Answer:
We are given two similar triangles, triangle ABC and triangle DEF, and some measurements of triangle ABC. We are also given that DF, one of the sides of triangle DEF, is equal to 15 units. Using this information, we are asked to find the difference between the lengths of sides AB and EF.
To solve the problem, we can first use the angle-angle similarity theorem to determine that the corresponding angles of the two triangles are equal. Therefore, angle DEF is equal to angle BCA, and angle ABE is equal to angle DFE.

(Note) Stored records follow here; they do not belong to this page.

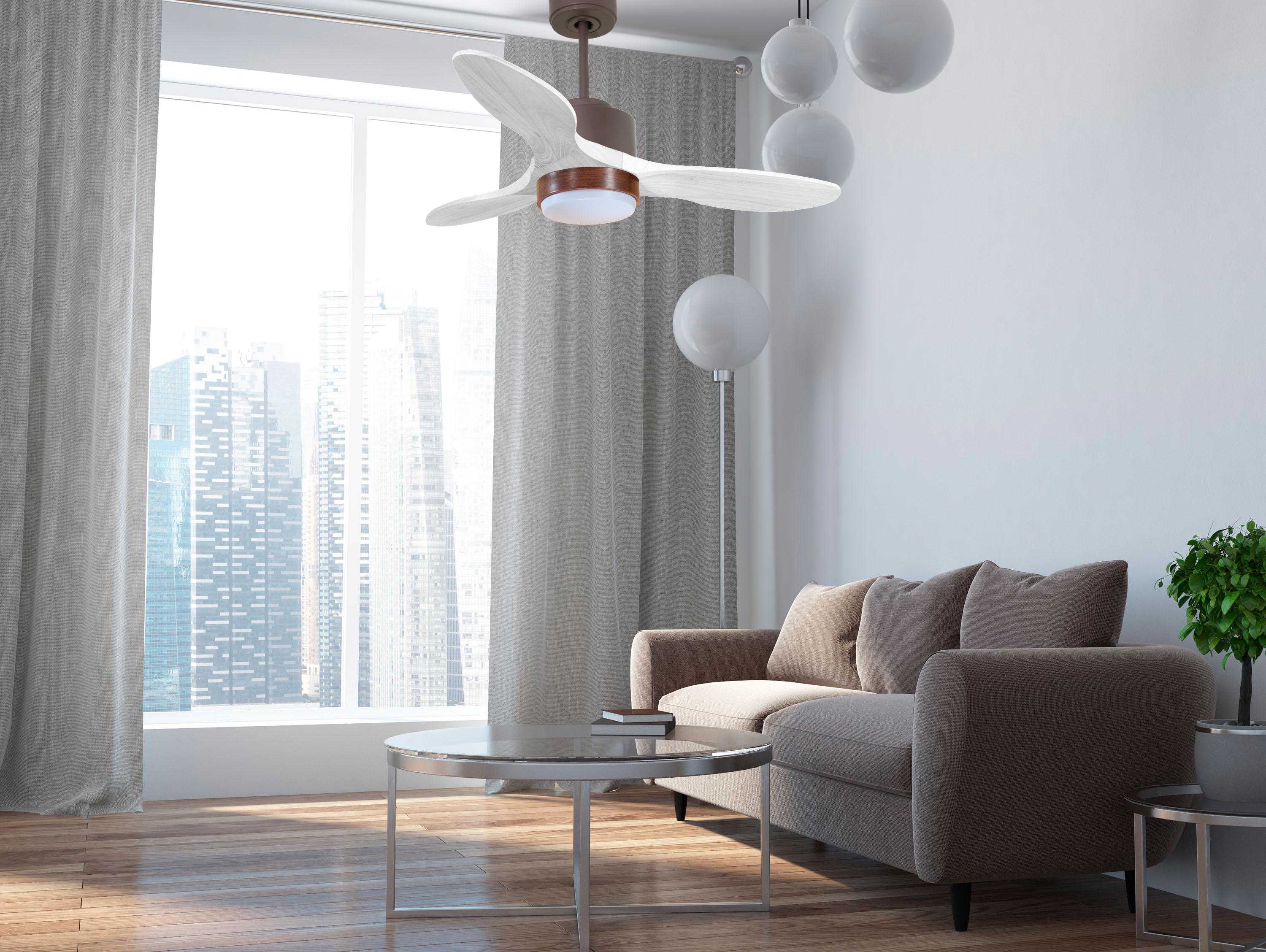 Las palas aerodinámicas de madera balsa maciza otorgan al ventilador una gran ligereza. Han sido artesanalmente tratadas para estar equilibradas y no producir ningún tipo de vibración. Este modelo de 3 aspas acabadas en madera blanca tiene un diámetro de 106 cm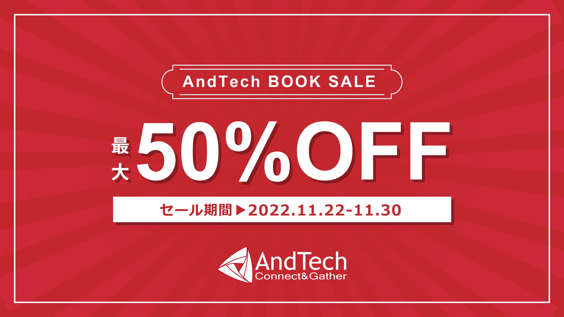 株式会社AndTech(本社:神奈川県川崎市、代表取締役社長:陶山 正夫)は、最大50%OFFの書籍年末大セール第一弾11月22日(火)~11月30日(水)の期間限定で開催いたします。
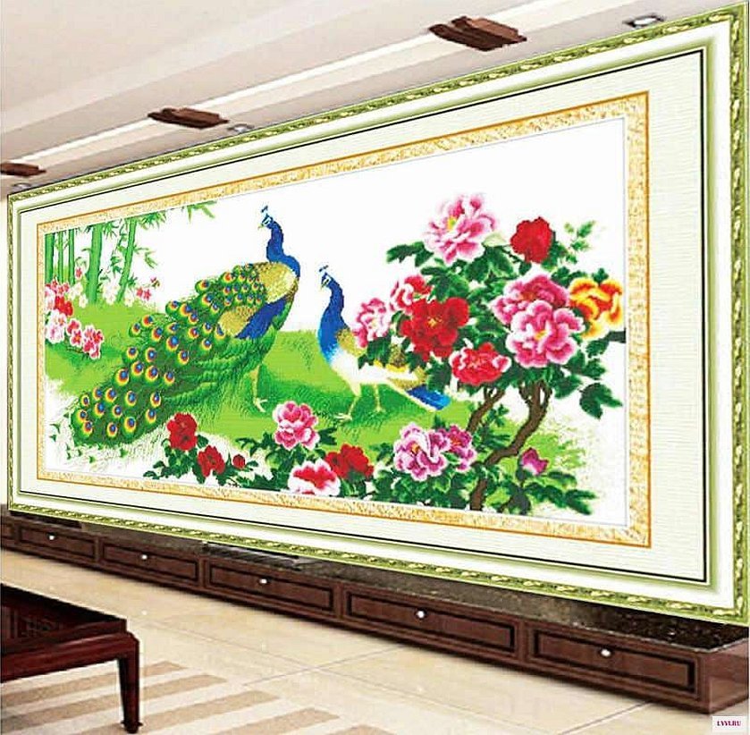 Монохромная вышивка продолжает набирать популярность. Это картины, выполненные в одном или двух цветах. Очень красиво выглядит черно-белая картина с павлином. Белые птицы на черной канве, и наоборот, придадут стиль любому помещению.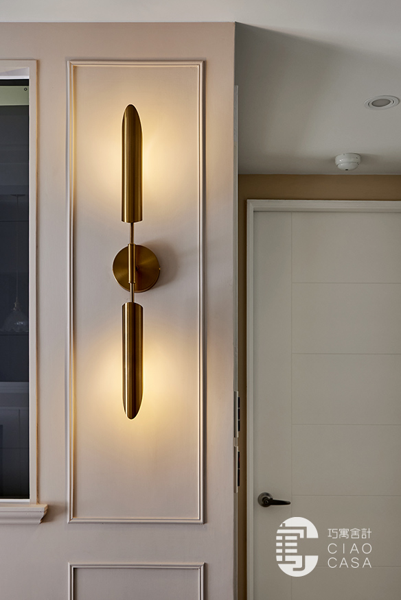 沙發壁面以較細的、造型簡約的線板營造法式浪漫,在金屬黃銅色壁燈的光暈渲染下,讓家裡多了一絲靜謐與溫暖。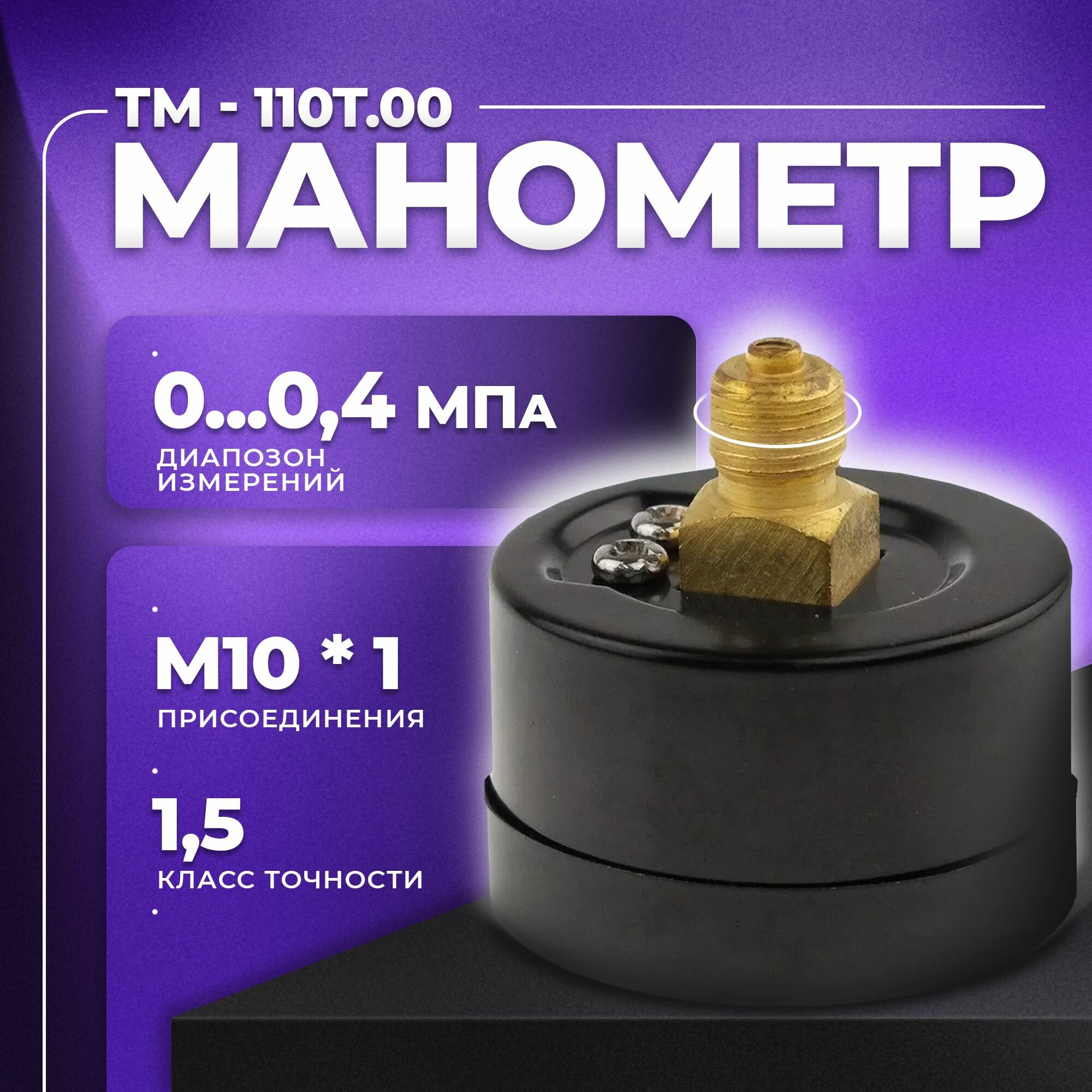 Манометр ТМ-110Т.00 (0.0,4 МПа) М10х1: класс точности-2,5 росма информация: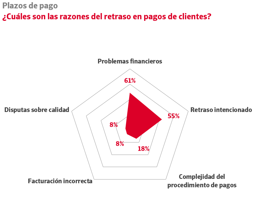 Al abordar las razones que explican la morosidad empresarial, la oleada de otoño, refleja una gran incidencia de la falta de disponibilidad de fondos por parte de los clientes. Los problemas financieros constituyen la razón más citada (61% de las empresas), por delante del retraso intencionado de los clientes (55%), la complejidad del procedimiento de pagos (18%), las disputas sobre la calidad de los bienes y servicios suministrados (8%) o la emisión de facturas incorrectas (8%).

Next, we can use the law of sines to find the length of side AB. The law of sines states that the ratio of the length of a side of a triangle to the sine of the angle opposite that side is equal for all sides and angles in the triangle. Applying this to triangle ABC, we have:
AB/sin(73) = BC/sin(48)
Substituting the value of BC as 19 units, we can solve for AB to get:
AB = 22.78 units
Similarly, we can use the law of sines to find the length of side EF. Since angle DFE is equal to angle ABE, we can use the same ratio as above to get:
EF/sin(73) = DF/sin(48)
Substituting the value of DF as 15 units, we can solve for EF to get:
EF = 18.20 units
Finally, we can subtract EF from AB to get:
AB - EF = 22.78 - 18.20 = 4.58 units
Therefore, the difference between the lengths of sides AB and EF is 4.58 units.